5. Managing your PC with a professional

There are many medical professionals who can help you treat or manage your PC.  This section details some of these people and how they can help you.  It may be helpful to have a look at this section before you see a Medical Professional for the first time.  In this section, PC Families also share their top tips for getting the most out of their time with a professional.

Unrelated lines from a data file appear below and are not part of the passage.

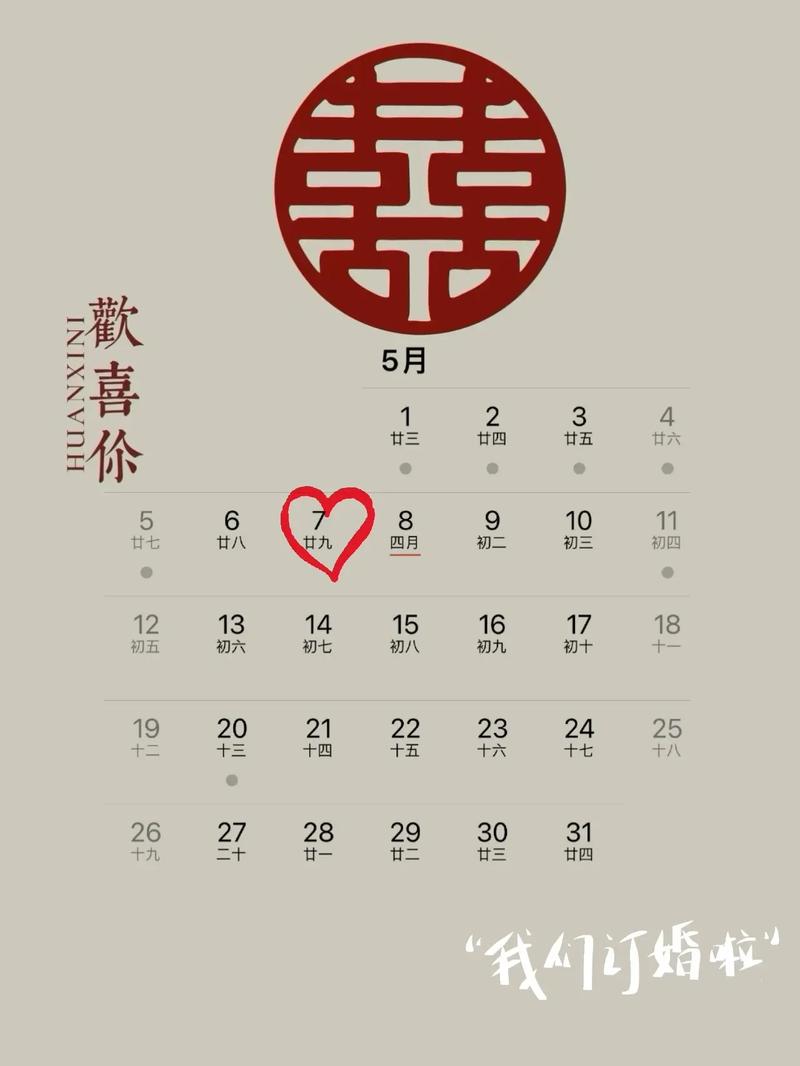 5月25日:農(nóng)歷四月廿八,適合訂婚。
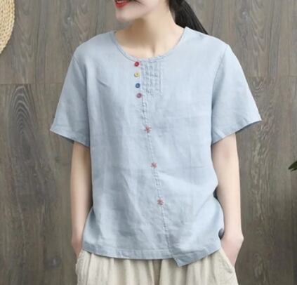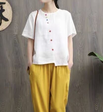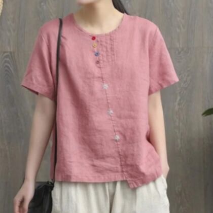 カラフルなボタンがポイントの半袖Tシャツ。春夏にぴったりなラウンドネックと爽やかなカラーバリエーションで、カジュアルにもきれいめにも使えます。シンプルなデザインながら、トップスとしてはもちろん、シャツとしてもアレンジできるマルチなアイテムです。色違いで揃えても楽しく、ガーリーなキュートなスタイルもおすすめ。おしゃれな女性はもちろん、学生さんやママさんまで、幅広い年代の方々から愛される一枚です。サイズもMから2XLまで展開しているので、あなたにぴったりのサイズが見つかるはず!この春夏のオシャレの主役にぜひ取り入れてください。
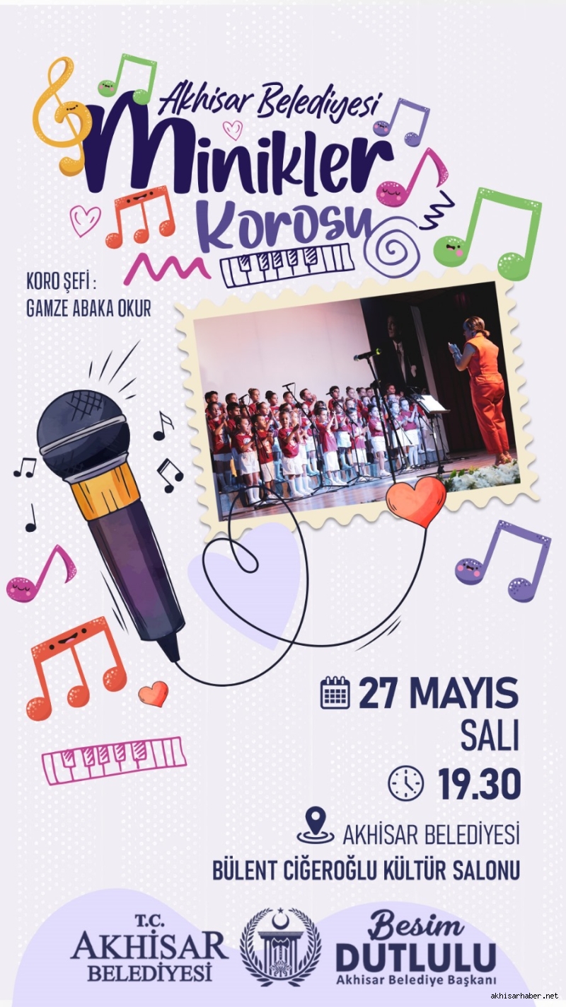 Akhisar Belediyesi’nin kültürel faaliyetleri kapsamında kurulan ve kısa sürede büyük beğeni toplayan Minikler Korosu, 27 Mayıs 2025 Salı akşamı saat 19.30’da sahne alacak. Bülent Ciğeroğlu Kültür Salonu’nda düzenlenecek olan konser, sanatseverlere neşeli ve duygu dolu anlar yaşatacak.

Remember, however, that even many medical health care professionals will not have seen PC and you may need to educate them!  PC Project can provide leaflets and brochures. Please contact us if you would like some sent to you or you can download them here. https://www.pachyonychia.org/pc-pamphlets/ Some of the people who may help you are general practitioners, dermatologists, chiropodists, podiatrists and general practioners.

General Practitioners

This may be your regular doctor, the doctor you see for regular check-ups. It doesn’t matter if your doctor knows about PC at first as long as she or he will listen to you and your parents and try to understand PC. You may have to explain PC to your doctor and tell him or her how it affects you. If you aren’t sure about a treatment your doctor prescribes for you, please contact PC Project.  You can even tell about PC Project.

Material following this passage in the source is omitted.